◆ PROMPT:
Please transcribe the data below exactly. Leave the pictures out.
————————
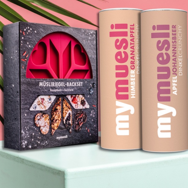 Wer sich lieber gerne kreativ betätigt, backt sich mit dem mymuesli Backset ganz einfach seine Müsliriegel selbst. Der mymuesli Gutschein enthält ein Backbuch mit 17 bewährten Müsliriegel-Rezepten und eine Backform aus Silikon, die sich nach Gebrauch in der Spülmaschine reinigen lässt. Selbstgemachte Müsliriegel sind ein tolles Mitbringsel und eine überraschende Geschenkidee, bestens als Reiseverpflegung oder Zwischensnack im Alltag geeignet. Der 2go-Becher natürlich auch.
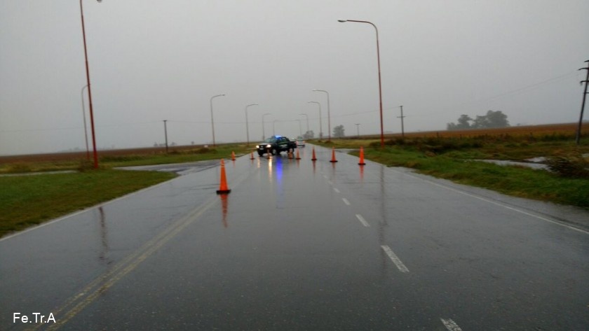 La Policía Vial de la provincia de Santa Fe, informó que debió cortarse al tránsito la ruta provincial 90 a la altura de la localidad de Melincué, debido al agua sobre la calzada como consecuencia de las lluvias (foto).
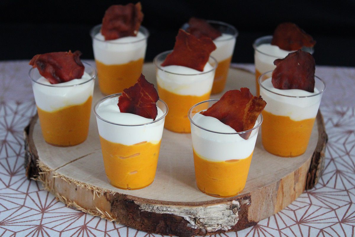 Ingrédients : pour 8 petites verrines 50 g de lait ½ écrémé 150 g de crème fraîche liquide entière 100 g de fromage de Brie (Brie de Melun) 1 pomme et 1 poire 10 g de beurre doux Poivre du moulin Préparation : Peler, enlever le cœur avec les pépins de.
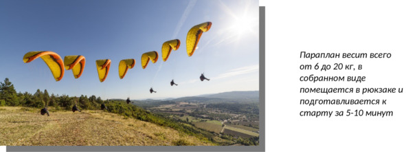 • Параплан можно подготовить к старту за 10 минут.
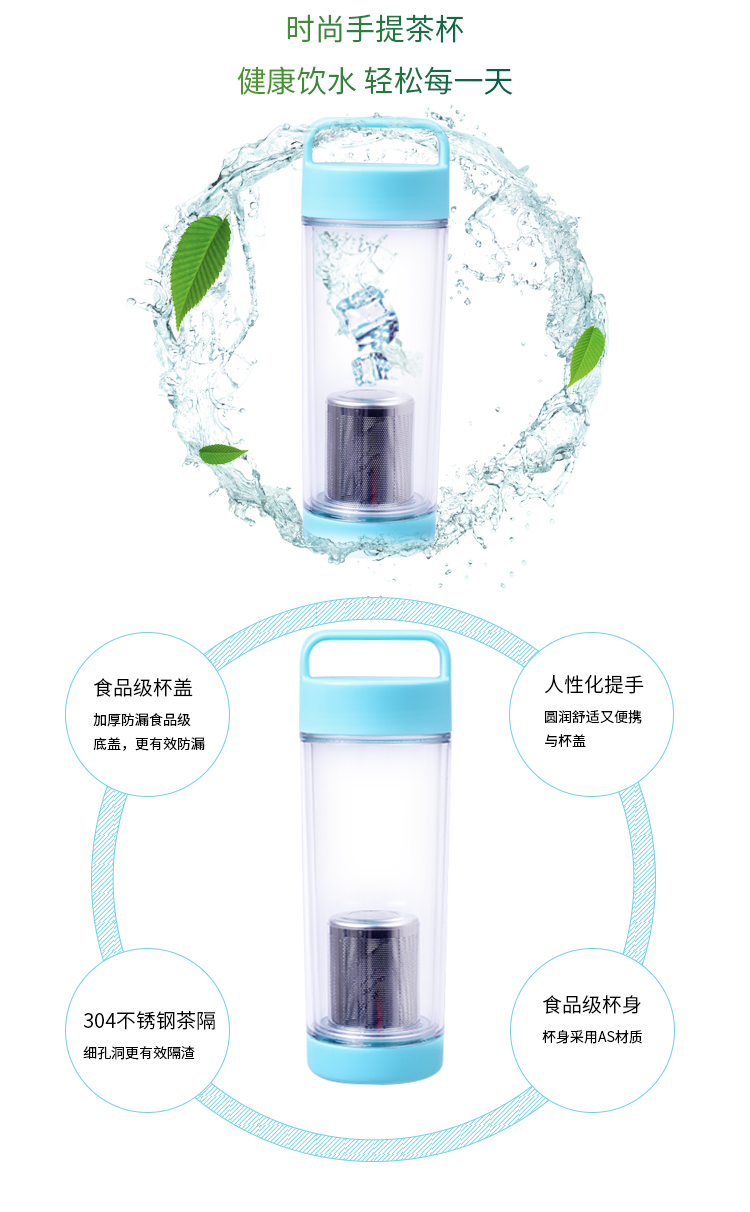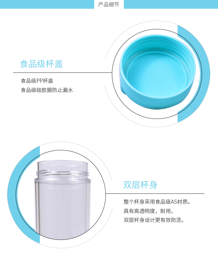 水杯大容量戶外運動水壺 塑料杯子 隨手杯 學生杯子 創意便攜防漏水杯 天藍色 650mL-800ml
————————
◆ ANSWER TO THIS PROBLEM:
 Wer sich lieber gerne kreativ betätigt, backt sich mit dem mymuesli Backset ganz einfach seine Müsliriegel selbst. Der mymuesli Gutschein enthält ein Backbuch mit 17 bewährten Müsliriegel-Rezepten und eine Backform aus Silikon, die sich nach Gebrauch in der Spülmaschine reinigen lässt. Selbstgemachte Müsliriegel sind ein tolles Mitbringsel und eine überraschende Geschenkidee, bestens als Reiseverpflegung oder Zwischensnack im Alltag geeignet. Der 2go-Becher natürlich auch.
 La Policía Vial de la provincia de Santa Fe, informó que debió cortarse al tránsito la ruta provincial 90 a la altura de la localidad de Melincué, debido al agua sobre la calzada como consecuencia de las lluvias (foto).
 Ingrédients : pour 8 petites verrines 50 g de lait ½ écrémé 150 g de crème fraîche liquide entière 100 g de fromage de Brie (Brie de Melun) 1 pomme et 1 poire 10 g de beurre doux Poivre du moulin Préparation : Peler, enlever le cœur avec les pépins de.
 • Параплан можно подготовить к старту за 10 минут.
 水杯大容量戶外運動水壺 塑料杯子 隨手杯 學生杯子 創意便攜防漏水杯 天藍色 650mL-800ml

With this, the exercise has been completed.